Soon the music took the crowd, took them to places they'd never been. Smiles
were on some faces, tears streamed down others; but no one was left without
some emotion tearing at their heart.
Without either of them knowing how or when, the song ended.
Chaz wiped the sweat from his brow. He wasn't aware of the stinging in his eyes
until now. He watched the girl as she bowed her head toward where he stood,
gave him a little smile, said "Thank you" and walked off the stage.
He quickly lost sight of her in the crowd. He wanted to drop his axe, chase her
and beg her to come back again. She had disappeared, nowhere to be seen. Like
smoke.
Chaz went to the bar, lit a cigarette and sipped a fresh Bushmill.
No, little girl.
Thank you.
The Bungalow Grocery
by
Charlie Youmans
One of my earliest memories
is of being ten years old, hopping on the second
hand Schwinn bicycle that my dad bought for me and riding down to the Bungalow
Grocery for a loaf of bread and a tomato for dinner, a pack of smokes for Dad,
and being told I could keep the change for running the errand.
Now you have to be aware
that Mom only gave me a dollar. Yep, ONE DOLLAR! That meant that after paying
15 cents for the bread, 10 cents for the tomato and 20 cents for the smokes, I
had 55 cents that was ALL MINE!
I was, of course, told to
ride carefully and to watch for traffic. You bet, Mom!
I would sedately and with
much feigned maturity walk my bike to the alley behind the house, look both
ways for traffic, mount the bike and slowly pedal my way west for
the 5-block trip to the Bungalow Grocery.
At the end of the alley, I
could no longer be seen from our house. Heh! Heh!
Some force of nature unknown
to man to this day magically transformed me from a mere ten-year-old boy
to
Hopalong Cassidy, riding his faithful white stallion Topper!
It's time to kick the spurs
to Topper and head to town to pick up supplies! Ride like the wind Hoppy,
there're villains after you. Go man, Go!
I would pedal that bike as
fast as my legs would allow, feeling the wind whistle past my ears; hearing the
sound of pounding hooves as my steed and I wound our way through the
treacherous mountain passes of old Wyoming, knowing that at any moment we could
be ambushed by some vicious sidewinder from the Dalton Gang.
But, not this time. Nope.
There's the General Store! We made it!
As I enter the parking lot
of the Bungalow Grocery, I realize that I may have gotten ole Topper galloping
just a wee mite too fast. I slam on the coaster brake and leave a nice stripe
of black rubber approximately 6 feet long on the concrete right in front of the
door, swinging my leg off my mount while it's still moving. I am too cool for
words, I am.
I lean my horse up against
the building, and stride purposefully into the store where Phil Krahn, the
proprietor of this wondrous establishment, greets me with, How many
times I gotta tell you kids not to leave black marks on my driveway, huh?

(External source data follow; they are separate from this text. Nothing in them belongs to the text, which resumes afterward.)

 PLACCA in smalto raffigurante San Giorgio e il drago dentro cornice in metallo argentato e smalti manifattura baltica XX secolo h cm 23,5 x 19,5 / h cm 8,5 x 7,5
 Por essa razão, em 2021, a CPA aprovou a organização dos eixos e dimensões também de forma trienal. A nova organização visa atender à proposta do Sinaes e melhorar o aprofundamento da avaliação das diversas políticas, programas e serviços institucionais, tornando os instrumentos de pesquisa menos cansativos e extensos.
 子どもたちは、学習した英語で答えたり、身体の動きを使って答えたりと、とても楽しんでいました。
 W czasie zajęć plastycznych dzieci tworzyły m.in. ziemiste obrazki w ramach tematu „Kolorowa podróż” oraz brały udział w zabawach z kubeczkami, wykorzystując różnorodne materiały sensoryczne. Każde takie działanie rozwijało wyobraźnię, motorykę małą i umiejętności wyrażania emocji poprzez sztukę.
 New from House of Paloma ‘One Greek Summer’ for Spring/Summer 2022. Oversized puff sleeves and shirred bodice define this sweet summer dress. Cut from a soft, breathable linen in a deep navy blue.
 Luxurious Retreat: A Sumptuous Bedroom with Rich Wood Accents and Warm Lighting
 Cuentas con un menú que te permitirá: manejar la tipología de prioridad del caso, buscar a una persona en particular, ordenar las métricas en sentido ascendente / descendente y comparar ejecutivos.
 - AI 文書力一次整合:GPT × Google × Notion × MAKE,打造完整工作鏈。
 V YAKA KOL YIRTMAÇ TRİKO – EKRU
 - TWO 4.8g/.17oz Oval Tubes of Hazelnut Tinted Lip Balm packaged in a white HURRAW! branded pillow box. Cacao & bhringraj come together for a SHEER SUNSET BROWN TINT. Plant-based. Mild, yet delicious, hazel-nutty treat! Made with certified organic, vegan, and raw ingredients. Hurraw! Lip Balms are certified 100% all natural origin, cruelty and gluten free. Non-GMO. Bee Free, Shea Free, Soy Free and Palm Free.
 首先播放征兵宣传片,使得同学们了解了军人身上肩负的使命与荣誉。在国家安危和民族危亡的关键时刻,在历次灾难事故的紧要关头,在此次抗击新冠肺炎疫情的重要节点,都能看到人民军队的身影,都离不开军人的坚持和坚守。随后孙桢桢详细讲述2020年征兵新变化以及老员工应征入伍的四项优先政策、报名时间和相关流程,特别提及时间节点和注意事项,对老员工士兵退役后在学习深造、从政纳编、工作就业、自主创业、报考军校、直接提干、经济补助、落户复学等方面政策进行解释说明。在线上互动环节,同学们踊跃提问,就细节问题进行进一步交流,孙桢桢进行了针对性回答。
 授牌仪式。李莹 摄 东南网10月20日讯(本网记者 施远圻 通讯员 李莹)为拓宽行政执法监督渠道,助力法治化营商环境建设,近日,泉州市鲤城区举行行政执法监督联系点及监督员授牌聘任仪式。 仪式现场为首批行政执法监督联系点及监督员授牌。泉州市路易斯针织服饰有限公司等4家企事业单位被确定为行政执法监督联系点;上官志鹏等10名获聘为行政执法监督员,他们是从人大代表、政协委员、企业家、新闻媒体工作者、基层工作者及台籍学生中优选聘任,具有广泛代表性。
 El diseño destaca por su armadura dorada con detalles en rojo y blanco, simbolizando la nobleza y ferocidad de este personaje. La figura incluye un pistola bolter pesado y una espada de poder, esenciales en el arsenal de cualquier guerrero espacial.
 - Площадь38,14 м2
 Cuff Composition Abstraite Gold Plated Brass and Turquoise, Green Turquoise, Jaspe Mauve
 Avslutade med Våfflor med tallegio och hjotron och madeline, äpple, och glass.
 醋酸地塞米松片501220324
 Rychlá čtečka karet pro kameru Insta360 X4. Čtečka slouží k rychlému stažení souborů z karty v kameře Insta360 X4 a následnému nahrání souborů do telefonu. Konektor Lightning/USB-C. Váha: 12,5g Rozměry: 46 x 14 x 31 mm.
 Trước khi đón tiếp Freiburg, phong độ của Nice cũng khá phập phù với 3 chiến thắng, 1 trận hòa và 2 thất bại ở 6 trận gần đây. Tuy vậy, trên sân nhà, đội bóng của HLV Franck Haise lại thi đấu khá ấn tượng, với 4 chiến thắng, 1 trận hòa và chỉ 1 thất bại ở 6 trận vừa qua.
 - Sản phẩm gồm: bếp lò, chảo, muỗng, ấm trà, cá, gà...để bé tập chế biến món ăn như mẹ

Sorry, Mr. Krahn. (He's not
really mad, you know.)
I go get the loaf of Roman
Meal 100% Wheat bread (the only kind my Dad will allow in the house, Wonder
Bread is for sissies), find a nice plump beefsteak tomato for Mom, tell Mr.
Krahn I need a pack of Camels for Dad, and start eyeing those rows and rows of
Three Musketeers, Snickers, Baby Ruth, Fifth Avenue, Cherry Mash, Life Savers 5
Flavors, Tootsie Roll Pops, Peanut Logs, Butterfingers, Raisinettes, and Jordan
Almonds.
As Mr. Krahn puts the bread,
tomato and smokes in a doubled paper sack ('cause I'm ridin' Topper today), he
just smiles at me because he KNOWS which candy bar I'm going to buy. The one I
always buy, that's right, Big Hunk! Sticky, gooey, hard as rock taffy with
loads of peanuts. Lasts all day. Keeps the dentist in new Buicks every two
years. Good stuff, buddy. I'll have about eight Big Hunks Mr. Krahn, thank you
very much. (5 cents apiece and I'm goin' home with change to show Mom and Dad
that I didn't spend all the money on candy.)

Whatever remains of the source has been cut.